What is being asked:
An unchanged copy of all the lines below is expected, and it should contain no pictures.

Data excerpt:
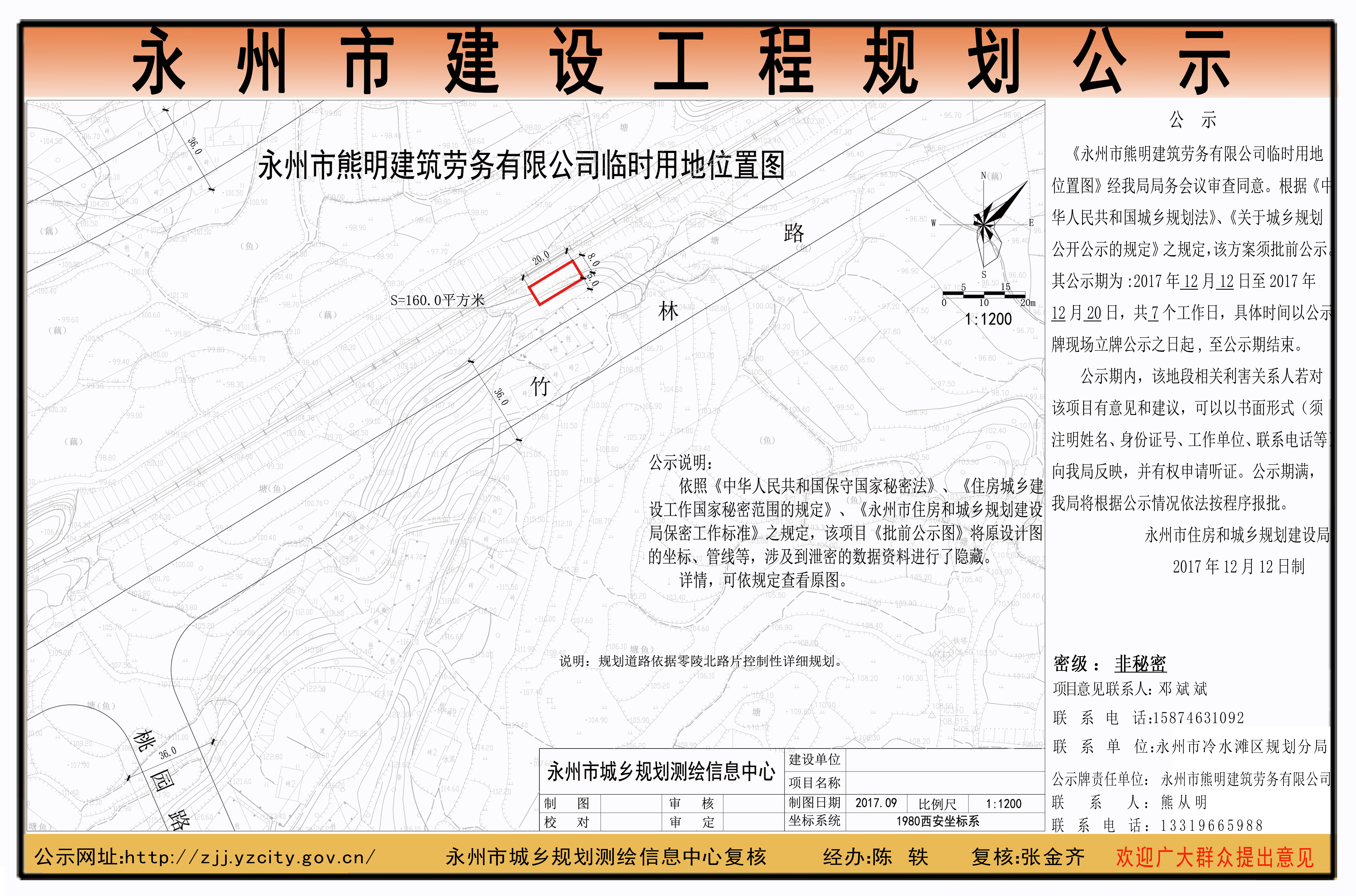 《永州市熊明建筑劳务有限公司临时用地位置图》经我局局务会议审查同意。根据《中华人民共和国城乡规划法》、《关于城乡规划公开公示的规定》之规定,该方案须批前公示。其公示期为:2017年12月12日至2017年 12月20日,共7个工作日,具体时间以公示牌现场立牌公示之日起,至公示期结束。
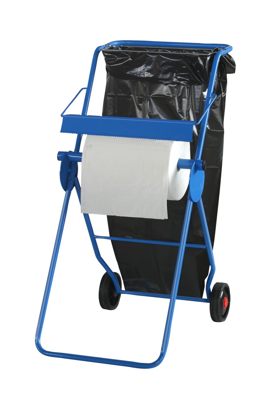 Floor stand with waste bag holder. Cleaning towel roll holder for workshop towel rolls up to 42cm roll width.
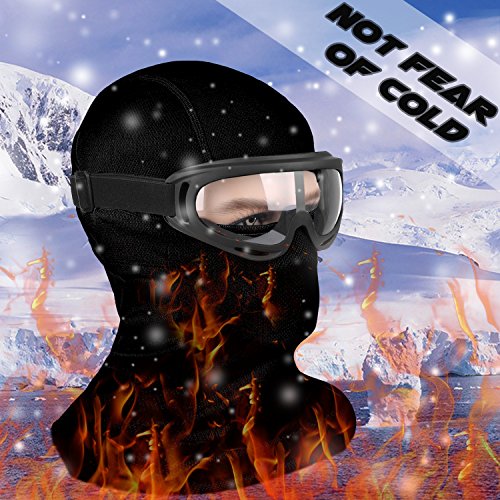 -. Feature : EXCELLENT MATCH - Balaclava with Ski Goggles, Ultimate Protection from Wind, Dust, Cold Weather, Snow, Sunshine and Harmful Lights, Perfect fit for Women Men and Children - Protect Yourself & Family. / VERSATILITY - Wear your balaclava on its own or under a helmet. Wear it as a full face mask, open balaclava, half ski mask or neck gaiter. People use our balaclavas for Skiing, Snowboarding, Riding, ATVing, Running,Hunting, Walking the Dog, Construction, Warehouse work and Shoveling snow. Ski Goggles - Get rid of the fear of wind, dust, cold air, snow, sunshine and harmful lights. / COMFORTABLE - Wear Them While: Skiing, Motorcycling, Running, Biking, Trekking, Mountain Climbing, Snowboarding, Airsoft paintball, Hunting, Tactical training, Cycling and other outdoor activities. / SIZE - One Size fits Most, Designed for kids, youth, adult men and women over 10years; fabric is hypo-allergenic and non-irritating to the skin. Machine washable and very quick dry. / PACKAGE & GUARANTEE - 1 x Balaclava Face Mask + 1 x UV400 Anti-fog Ski Goggles. COOLOO provides 12- Month Warranty for every customer that purchased our products. No worry about the quality! If there is anything wrong with our products, please feel free to contact us via Email. We will solve the problem as soon as possible.

Answer below:
 《永州市熊明建筑劳务有限公司临时用地位置图》经我局局务会议审查同意。根据《中华人民共和国城乡规划法》、《关于城乡规划公开公示的规定》之规定,该方案须批前公示。其公示期为:2017年12月12日至2017年 12月20日,共7个工作日,具体时间以公示牌现场立牌公示之日起,至公示期结束。
 Floor stand with waste bag holder. Cleaning towel roll holder for workshop towel rolls up to 42cm roll width.
 -. Feature : EXCELLENT MATCH - Balaclava with Ski Goggles, Ultimate Protection from Wind, Dust, Cold Weather, Snow, Sunshine and Harmful Lights, Perfect fit for Women Men and Children - Protect Yourself & Family. / VERSATILITY - Wear your balaclava on its own or under a helmet. Wear it as a full face mask, open balaclava, half ski mask or neck gaiter. People use our balaclavas for Skiing, Snowboarding, Riding, ATVing, Running,Hunting, Walking the Dog, Construction, Warehouse work and Shoveling snow. Ski Goggles - Get rid of the fear of wind, dust, cold air, snow, sunshine and harmful lights. / COMFORTABLE - Wear Them While: Skiing, Motorcycling, Running, Biking, Trekking, Mountain Climbing, Snowboarding, Airsoft paintball, Hunting, Tactical training, Cycling and other outdoor activities. / SIZE - One Size fits Most, Designed for kids, youth, adult men and women over 10years; fabric is hypo-allergenic and non-irritating to the skin. Machine washable and very quick dry. / PACKAGE & GUARANTEE - 1 x Balaclava Face Mask + 1 x UV400 Anti-fog Ski Goggles. COOLOO provides 12- Month Warranty for every customer that purchased our products. No worry about the quality! If there is anything wrong with our products, please feel free to contact us via Email. We will solve the problem as soon as possible.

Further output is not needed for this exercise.